I was solving D. Dima and Lisa and I was unable to solve the question by myself after trying for an hour. I knew about Goldbach's Conjecture so I had an idea as to how to solve the problem to some extent leaving behind to find last two primes (for n<=10^9) (after setting first one to 3 among the three primes). (For n>9)

I saw the submissions of some coders and they solved the question exactly as follows for the last two prime numbers.

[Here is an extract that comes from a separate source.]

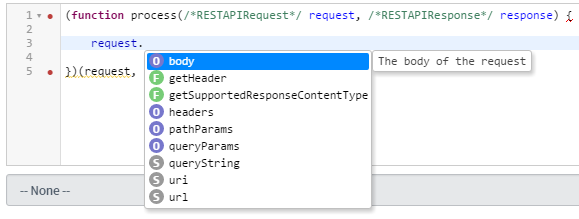 From this stub, we can tell that we’ve got access to two parameters that we can make use of, inside the process function: request (a RESTAPIRequest object), and response (a RESTAPIResponse object). If you read our article, What’s New in Geneva/UI16, you know that the Geneva script editor is far more powerful now, than it used to be. We can make use of the intellisense style code-completion, to see what methods of the RESTAPIRequest and RESTAPIResponse objects we have access to, by typing “request.” or “response.” like so:

//the function for prime checking

bool isPrime(int x)
{
    for(int i=2;i*i<=x;i+=1)
    {
        if(x%i==0)
        {
            return false;
        }
    }
    return true;
}
int main()
{
    int n;
    cin>>n;
    if(n==3)
    {
        cout<<1<<endl;
        cout<<3<<endl;
    }
    else if(n==5)
    {
        cout<<1<<endl;
        cout<<5<<endl;
    }
    else if(n==7)
    {
        cout<<1<<endl;
        cout<<7<<endl;
    }
    else if(n==9)
    {
        cout<<3<<endl;
        cout<<3<<" "<<3<<" "<<3<<endl;
    }
    else
    {
        cout<<3<<endl;
        cout<<3<<" ";
        for(int i=3;2*i+3<=n;i+=2)
        {
            if(isPrime(i)&&isPrime(n-3-i))
            {
                cout<<i<<" "<<n-3-i<<endl;
                break;
            }
        }
    }
    return 0;
}

The code seems to run with an worst case complexity of O(sqrt(n)*n) and in the given question n<=10^9 and still the submissions gets an AC in just 31ms. How is the break statement working and finding out the two primes? Is it because of weak testcase?

Here you go with the solution. My Submission

How is it possible? If I am wrong at finding out the complexity please help and tell how this works?